A London-based barrister is seeking to persuade the International Criminal Court (ICC) to use its jurisdiction over some members of the Saudi-led coalition in Yemen to open an investigation into alleged war crimes and alleged crimes against humanity.
Toby Cadman, co-founder of international justice chambers Guernica 37, submitted an application to the ICC last week to investigate three incidents, including airstrikes that hit a funeral in 2016 and school bus in 2018. Evidence in the application is submitted by survivors and bereaved families, Cadman says.

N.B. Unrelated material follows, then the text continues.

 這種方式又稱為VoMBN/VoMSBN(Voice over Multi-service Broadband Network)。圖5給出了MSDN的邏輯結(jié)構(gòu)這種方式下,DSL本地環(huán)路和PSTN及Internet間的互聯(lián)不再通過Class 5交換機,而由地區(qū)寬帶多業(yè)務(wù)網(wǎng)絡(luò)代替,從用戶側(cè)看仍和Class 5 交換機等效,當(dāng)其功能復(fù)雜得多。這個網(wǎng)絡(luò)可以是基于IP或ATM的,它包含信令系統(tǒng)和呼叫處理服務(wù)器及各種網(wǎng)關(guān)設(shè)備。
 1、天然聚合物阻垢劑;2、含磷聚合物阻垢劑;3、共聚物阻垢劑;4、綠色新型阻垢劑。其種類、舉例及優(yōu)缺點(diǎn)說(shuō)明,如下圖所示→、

Yemen is not a state party to the Rome Statute, the international treaty that establishes the ICC's jurisdiction, and neither are 'key protagonists' Saudi Arabia and the United Arab Emirates. However, Guernica 37 says three other members of the coalition, Jordan, Senegal and the Maldives, are state parties to the Rome Statute.

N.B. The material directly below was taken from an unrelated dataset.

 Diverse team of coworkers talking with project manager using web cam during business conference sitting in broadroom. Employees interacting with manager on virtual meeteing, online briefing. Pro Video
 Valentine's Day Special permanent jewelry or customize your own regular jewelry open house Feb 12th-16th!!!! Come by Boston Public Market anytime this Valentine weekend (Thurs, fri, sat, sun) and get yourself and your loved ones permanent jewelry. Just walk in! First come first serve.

The applicants are also asking the ICC to investigate citizens of Colombia, a state party to the Rome Statute, over their alleged involvement in the conflict.
Cadman told the Gazette that the case is an opportunity for the ICC to 'broaden and strengthen' its role in holding states to account. 'We are aware of the complexities involved [but] we see this as important, even if it is just opening a preliminary examination into the situation in Yemen. This will have an impact and make states think carefully as to how they continue,’ he said.
Asked about the significance of the case for UK practitioners, Cadman said he was seeing more solicitors and barristers getting involved in international work ‘and it is important for [them] to be aware of the novelties of international law and how it can be used’.